Sure is fun to have a positive future instead of the same old excuses 🙂
I have heard rumors that Musk has suggested such a size to some people. 27 to 30 raptors one core. I don’t think that part was from John Gardi/tinker
Aren’t you on NSF L2 yet DTARS?
Cheers
“I confess to being a tad sceptical about a 15m rocket core. “
The item that triggered that speculation is leaked info from SpaceX making plans for tooling large enough to make 15m diameter tanks.
I think SpaceX should use reusable booster first on The NASA in flight abort test. Gets NASA in the game, credit for helping SpaceX plus perfect test, should reusable booster fail, will crew capsule survive?
Problem is, if they do that and it fails before max drag, they won’t have completed what they need to test. If they need a do-over that pushes back their manned flight schedule and they spend more money to get that $30M milestone check.
They’re going to want to eliminate as much risk as they can by avoiding additional variables in the test so they can get it right the first time.
That said… If re-use has proven reliable by then, it seems viable. But, why waste a core that could go to paying customer’s launches, instead of F9R Dev2?
I believe SpaceX still has the 3-engined F9R Dev 2 vehicle that they cannot do much else with. They are apparently planning to use that one for the in-flight abort test.

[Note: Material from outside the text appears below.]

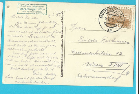 AK Gruß vom Alpenhotel Bärenkogel bei Mürzzuschlag. Gelaufen. Kleinformat. Verlag: Böhm. Zustand: gut.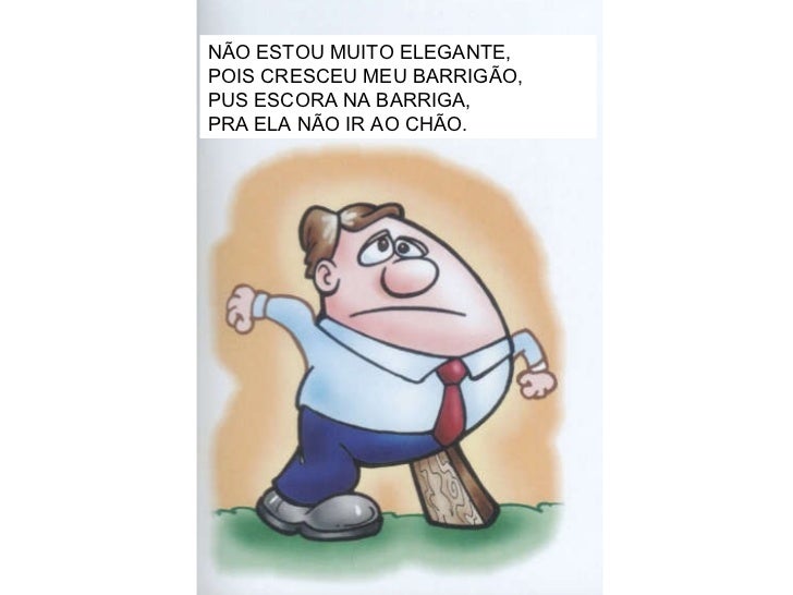 17. 18. NÃO ESTOU MUITO ELEGANTE, POIS CRESCEU MEU BARRIGÃO, PUS ESCORA NA BARRIGA, PRA ELA NÃO IR AO CHÃO.

I was not aware they have a Dev2.
https://en.wikipedia.org/wi…
Basically the F9R Dev 2 test flight program got canned shortly after the test flight article was built, due to much better than expected results with the post-launch reentry tests of the first stage, which gave SpaceX the data they would have gotten with high-altitude testing at Spaceport America.
https://en.wikipedia.org/wi…
I still expect SpaceX will take one (possibly more) recovered first stage to Spaceport America at some point, because there is still lots of high-risk flight envelope testing, new technology trials, etc. they can do there that they wouldn’t want to do during an operational flight.
Got any evidence of that assertion sir? Or is that just your educated guess? Would be fun to see some recovered stage test in New Mexico!
What was it Elon said? If you don’t crater some your not…..?
🙂
Well, SpaceX has been improving the site they are leasing from Spaceport America. There’s a paved section with a launch pad and a support building there. They could just write that off at any time, but as far as I know they are still paying for their lease there.
If I were in charge, I’d pick a recovered stage to do nothing experimental on, but just launch, land, inspect, launch, land, inspect, repeat until the stage fails. That method would definitely give them data on stress points and failure modes.